Mixed connective tissue disease (MCTD)

Mixed connective tissue disease (MCTD), or: Sharp syndrome, is an uncommon, specifically defined, overlap syndrome. MCTD should be suspected when additional overlapping features are present in patients appearing to have rheumatoid arthritis, SLE, scleroderma, or polymyositis. MCTD is characterised by very high titres of circulating antinuclear antibodies (ANA) to a ribonucleoprotein antigen (RNP).

Hand swelling, Raynaud’s syndrome, polyarthralgia, inflammatory myopathy, esophageal hypomotility, and pulmonary dysfunction are common. Diagnosis is by the combination of clinical features, ribonucleoprotein antibodies, and absence of antibodies specific for other autoimmune diseases.

Tests for antinuclear antibodies (ANA), RNP antibodies, and antibodies to ENA are done first.
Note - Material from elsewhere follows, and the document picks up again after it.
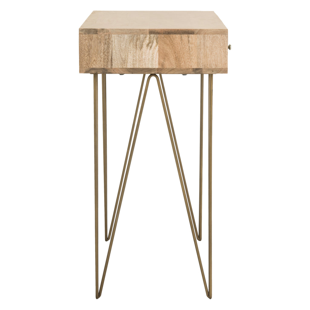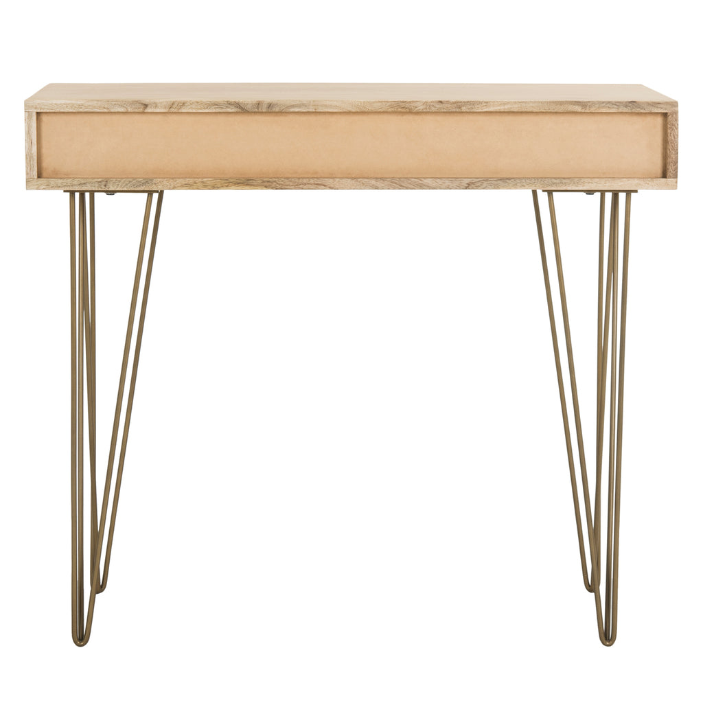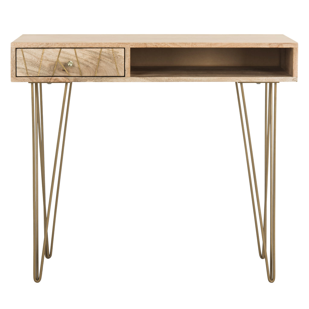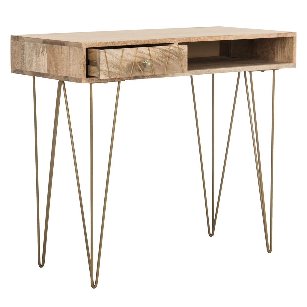 Tall and lovely, this contemporary Trigg desk brings retro flair to the home office or living room. Crafted with mango wood, its natural finish illuminates its rich texture. Chic hairpin legs add elegance and charm while an ample drawer creates extra storage.

If results of these tests are compatible with MCTD (RNP antibodies very high, positive ANA!), tests for rheumatoid factors, Jo-1 antibodies, antibodies to the ribonuclease-resistant Smith component of ENA (Sm antibodies), and double-stranded DNA (dsDNA antibodies) are done to exclude other possible diagnoses.

Further evaluation depends on symptoms and signs; manifestations of myositis, renal involvement, or pulmonary involvement prompt tests of those organs (eg., creatine kinase, magnetic resonance imaging, electromyogram, or muscle biopsy for diagnosis of myositis).

Almost all patients have high titres of fluorescent ANA producing a speckled IFA pattern. Antibodies to ENA are usually present at very high titres. RNP antibodies are detectable, whereas Sm antibodies are absent. Rheumatoid factors are frequently positive, and titres are often high. The erythrocyte sedimentation rate (ESR) is frequently elevated.

Treatment of mixed connective tissue disease varies with disease severity and organ involvement but usually includes corticosteroids and sometimes additional immunosuppressants.